Вот как описывает это состояние всеобщего психоза один из участников событий в общине Сонгми, в деревне Милай: «Мы стали говорить вслух о том, о чем каждый из нас думал про себя: о том, чтобы стереть эту страну с лица земли. Популярной стала так называемая индейская психология, смысл которой сводился к тому, что «хороший вьетнамец – мертвый вьетнамец». Расплывчатое определение понятия «враг» стало распространяться на любого человека, который не имел отношения к американской армии и ходил во вьетнамской одежде.

По утверждению одного из ветеранов Милай, были серьезные основания считать, что мины были установлены не вьетнамцами, а корейскими союзниками, лагерь которых находился в этом месте незадолго до кровавых событий. В таком случае ответственность за смерти американских солдат ложилась на Верховное командование вооруженных сил США, которое наверняка было уведомлено о размещении южнокорейских сил. Тем не менее люди отвергали эту мысль и предпочитали винить во всем Вьетконг, еще шире – всех вьетнамцев. Это помогало найти оправдание «идее мести».
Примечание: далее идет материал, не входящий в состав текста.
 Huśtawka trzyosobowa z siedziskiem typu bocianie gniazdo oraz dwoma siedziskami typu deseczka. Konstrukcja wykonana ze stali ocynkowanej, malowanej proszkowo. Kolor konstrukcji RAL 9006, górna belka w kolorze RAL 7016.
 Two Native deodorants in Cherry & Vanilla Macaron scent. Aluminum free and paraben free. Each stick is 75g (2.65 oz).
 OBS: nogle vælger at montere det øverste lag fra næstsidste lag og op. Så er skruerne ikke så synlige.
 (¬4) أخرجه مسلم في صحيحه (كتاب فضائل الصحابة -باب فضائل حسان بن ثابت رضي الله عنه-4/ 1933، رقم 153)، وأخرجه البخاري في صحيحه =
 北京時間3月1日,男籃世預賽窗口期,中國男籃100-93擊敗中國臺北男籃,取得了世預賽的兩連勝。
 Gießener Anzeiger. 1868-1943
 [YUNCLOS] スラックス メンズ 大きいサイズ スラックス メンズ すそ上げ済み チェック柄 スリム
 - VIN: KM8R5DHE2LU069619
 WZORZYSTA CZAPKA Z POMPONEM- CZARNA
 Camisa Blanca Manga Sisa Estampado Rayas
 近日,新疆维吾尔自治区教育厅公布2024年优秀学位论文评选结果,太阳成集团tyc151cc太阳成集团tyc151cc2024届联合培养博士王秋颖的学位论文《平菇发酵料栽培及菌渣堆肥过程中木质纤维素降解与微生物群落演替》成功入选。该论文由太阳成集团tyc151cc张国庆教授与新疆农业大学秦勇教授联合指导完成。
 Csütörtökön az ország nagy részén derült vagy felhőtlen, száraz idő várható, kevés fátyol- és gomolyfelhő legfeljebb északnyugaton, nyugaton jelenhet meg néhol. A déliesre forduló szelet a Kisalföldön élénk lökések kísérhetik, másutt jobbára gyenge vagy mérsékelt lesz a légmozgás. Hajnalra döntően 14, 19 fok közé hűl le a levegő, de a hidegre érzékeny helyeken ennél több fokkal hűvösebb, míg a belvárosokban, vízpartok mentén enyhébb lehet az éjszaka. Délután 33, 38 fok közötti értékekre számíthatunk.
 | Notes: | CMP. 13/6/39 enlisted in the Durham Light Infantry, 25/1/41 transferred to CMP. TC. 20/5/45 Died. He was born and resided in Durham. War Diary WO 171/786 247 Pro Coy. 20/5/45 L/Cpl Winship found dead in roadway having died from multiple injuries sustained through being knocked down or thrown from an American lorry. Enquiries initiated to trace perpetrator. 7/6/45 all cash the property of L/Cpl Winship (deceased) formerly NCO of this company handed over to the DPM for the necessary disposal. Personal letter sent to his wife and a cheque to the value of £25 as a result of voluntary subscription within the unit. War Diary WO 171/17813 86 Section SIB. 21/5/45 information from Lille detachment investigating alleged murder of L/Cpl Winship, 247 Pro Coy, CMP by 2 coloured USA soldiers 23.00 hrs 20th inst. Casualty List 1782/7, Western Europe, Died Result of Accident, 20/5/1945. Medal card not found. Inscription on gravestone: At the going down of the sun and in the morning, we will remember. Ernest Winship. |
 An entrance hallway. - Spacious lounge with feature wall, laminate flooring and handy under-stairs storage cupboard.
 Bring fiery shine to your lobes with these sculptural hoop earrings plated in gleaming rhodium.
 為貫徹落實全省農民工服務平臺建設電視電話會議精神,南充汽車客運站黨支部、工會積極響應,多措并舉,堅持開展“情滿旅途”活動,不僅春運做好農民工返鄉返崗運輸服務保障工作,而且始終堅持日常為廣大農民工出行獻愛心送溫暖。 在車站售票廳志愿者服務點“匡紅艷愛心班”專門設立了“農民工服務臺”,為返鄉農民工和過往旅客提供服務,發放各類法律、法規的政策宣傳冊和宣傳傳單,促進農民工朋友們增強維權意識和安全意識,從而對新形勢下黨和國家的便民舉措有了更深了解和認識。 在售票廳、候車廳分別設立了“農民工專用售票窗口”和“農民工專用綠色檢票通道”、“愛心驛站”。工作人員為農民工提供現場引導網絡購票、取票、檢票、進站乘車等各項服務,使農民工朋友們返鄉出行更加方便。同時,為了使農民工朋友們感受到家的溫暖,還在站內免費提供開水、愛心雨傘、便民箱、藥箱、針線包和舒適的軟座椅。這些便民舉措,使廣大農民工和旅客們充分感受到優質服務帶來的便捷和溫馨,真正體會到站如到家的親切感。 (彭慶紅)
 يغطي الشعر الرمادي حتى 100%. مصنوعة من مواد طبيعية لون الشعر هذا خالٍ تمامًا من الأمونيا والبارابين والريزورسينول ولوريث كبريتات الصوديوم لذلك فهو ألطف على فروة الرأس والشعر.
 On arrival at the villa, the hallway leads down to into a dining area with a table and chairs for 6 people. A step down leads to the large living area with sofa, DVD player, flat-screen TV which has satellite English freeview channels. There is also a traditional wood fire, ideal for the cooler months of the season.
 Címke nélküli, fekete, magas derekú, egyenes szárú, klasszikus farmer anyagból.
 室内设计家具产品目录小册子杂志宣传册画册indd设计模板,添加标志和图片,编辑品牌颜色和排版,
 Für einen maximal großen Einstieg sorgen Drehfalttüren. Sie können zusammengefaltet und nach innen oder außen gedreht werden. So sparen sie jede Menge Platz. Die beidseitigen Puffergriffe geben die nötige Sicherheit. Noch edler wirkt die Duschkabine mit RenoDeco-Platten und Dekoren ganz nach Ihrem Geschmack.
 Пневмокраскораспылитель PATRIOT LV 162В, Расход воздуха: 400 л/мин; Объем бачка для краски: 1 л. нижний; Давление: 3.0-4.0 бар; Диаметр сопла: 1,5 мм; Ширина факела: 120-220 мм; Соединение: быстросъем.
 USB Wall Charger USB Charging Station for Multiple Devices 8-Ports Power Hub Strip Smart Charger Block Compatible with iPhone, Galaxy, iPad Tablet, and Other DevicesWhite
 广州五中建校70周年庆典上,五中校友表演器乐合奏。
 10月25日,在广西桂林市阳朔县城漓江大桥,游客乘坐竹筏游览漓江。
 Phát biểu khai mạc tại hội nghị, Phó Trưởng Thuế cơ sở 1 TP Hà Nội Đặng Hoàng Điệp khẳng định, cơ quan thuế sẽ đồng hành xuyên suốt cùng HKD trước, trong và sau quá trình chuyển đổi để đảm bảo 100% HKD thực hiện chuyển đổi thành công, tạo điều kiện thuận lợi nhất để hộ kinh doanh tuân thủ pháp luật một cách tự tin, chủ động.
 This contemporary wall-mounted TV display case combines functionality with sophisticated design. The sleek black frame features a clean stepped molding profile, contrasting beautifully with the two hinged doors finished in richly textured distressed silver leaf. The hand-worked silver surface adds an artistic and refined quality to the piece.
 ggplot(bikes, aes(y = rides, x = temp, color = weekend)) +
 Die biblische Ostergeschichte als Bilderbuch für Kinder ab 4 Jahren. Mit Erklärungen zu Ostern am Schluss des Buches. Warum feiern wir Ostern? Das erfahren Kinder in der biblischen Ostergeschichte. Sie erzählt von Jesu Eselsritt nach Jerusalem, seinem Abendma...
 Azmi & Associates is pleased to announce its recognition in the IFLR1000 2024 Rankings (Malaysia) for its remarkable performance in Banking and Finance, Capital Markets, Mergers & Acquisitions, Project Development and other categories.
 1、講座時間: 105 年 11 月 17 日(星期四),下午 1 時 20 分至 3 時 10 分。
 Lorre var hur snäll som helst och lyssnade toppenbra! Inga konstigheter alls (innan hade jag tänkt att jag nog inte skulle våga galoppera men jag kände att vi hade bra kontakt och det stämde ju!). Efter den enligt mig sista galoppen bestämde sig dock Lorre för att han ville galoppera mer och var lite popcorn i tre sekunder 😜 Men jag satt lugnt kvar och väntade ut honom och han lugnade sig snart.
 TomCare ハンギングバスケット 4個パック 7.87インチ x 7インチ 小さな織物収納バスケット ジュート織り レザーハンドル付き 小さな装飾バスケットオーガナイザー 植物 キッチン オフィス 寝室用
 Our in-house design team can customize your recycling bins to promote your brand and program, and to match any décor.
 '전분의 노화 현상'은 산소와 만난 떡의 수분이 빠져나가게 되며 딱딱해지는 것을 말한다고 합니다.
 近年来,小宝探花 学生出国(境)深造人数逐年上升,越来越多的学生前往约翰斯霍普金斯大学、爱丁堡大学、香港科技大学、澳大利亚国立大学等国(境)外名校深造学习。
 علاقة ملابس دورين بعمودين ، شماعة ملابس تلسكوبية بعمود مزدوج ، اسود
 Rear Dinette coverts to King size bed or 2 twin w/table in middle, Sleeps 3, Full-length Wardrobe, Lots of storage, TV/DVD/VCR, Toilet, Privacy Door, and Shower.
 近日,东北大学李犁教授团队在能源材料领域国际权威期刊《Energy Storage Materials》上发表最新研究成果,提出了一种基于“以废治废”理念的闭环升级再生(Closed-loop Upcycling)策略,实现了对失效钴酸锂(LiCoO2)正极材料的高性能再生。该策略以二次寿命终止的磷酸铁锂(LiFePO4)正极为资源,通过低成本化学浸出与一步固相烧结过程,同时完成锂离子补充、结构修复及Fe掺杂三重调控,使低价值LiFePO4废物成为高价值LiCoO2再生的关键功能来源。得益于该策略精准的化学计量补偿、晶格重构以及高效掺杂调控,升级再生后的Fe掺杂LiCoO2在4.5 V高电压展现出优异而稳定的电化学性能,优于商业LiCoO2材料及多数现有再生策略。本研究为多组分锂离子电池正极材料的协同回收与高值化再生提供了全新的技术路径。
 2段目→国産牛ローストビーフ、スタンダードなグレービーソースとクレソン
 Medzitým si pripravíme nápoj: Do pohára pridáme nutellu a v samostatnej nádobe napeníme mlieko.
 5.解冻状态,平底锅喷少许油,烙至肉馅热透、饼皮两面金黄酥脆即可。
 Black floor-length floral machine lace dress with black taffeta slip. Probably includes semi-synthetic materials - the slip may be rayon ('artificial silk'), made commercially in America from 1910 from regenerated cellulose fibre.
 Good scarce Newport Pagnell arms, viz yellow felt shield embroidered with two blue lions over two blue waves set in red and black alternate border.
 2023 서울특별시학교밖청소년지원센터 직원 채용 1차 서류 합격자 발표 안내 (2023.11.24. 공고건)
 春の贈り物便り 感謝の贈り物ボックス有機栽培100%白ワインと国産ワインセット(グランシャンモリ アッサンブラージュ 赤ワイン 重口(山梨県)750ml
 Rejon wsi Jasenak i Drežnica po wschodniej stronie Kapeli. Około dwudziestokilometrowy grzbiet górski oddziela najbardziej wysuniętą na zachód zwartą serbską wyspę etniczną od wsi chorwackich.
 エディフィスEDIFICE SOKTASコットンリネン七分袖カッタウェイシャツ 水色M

Последней каплей, переполнившей терпение роты «Чарли», стала смерть сержанта Кокси, которого разорвало на куски осколком артиллерийского снаряда. Эти скрытые хитроумные устройства, приводимые в действие прямым контактом, часовым механизмом или при помощи дистанционного управления, осуществляемого сидящим в засаде человеком, усугубили ощущение беспомощного ужаса, которое испытывали американские солдаты. В самом названии «ловушка для болвана», которое придумали для этих устройств солдаты из роты «Чарли», отражен способ их действия, превращающий человека в беспомощную жертву. В роте Кокса, ценил и как одного из наиболее опытных бойцов. Его смерть обострила у всех чувство страха, привела в бесконтрольную, несдерживаемую ярость.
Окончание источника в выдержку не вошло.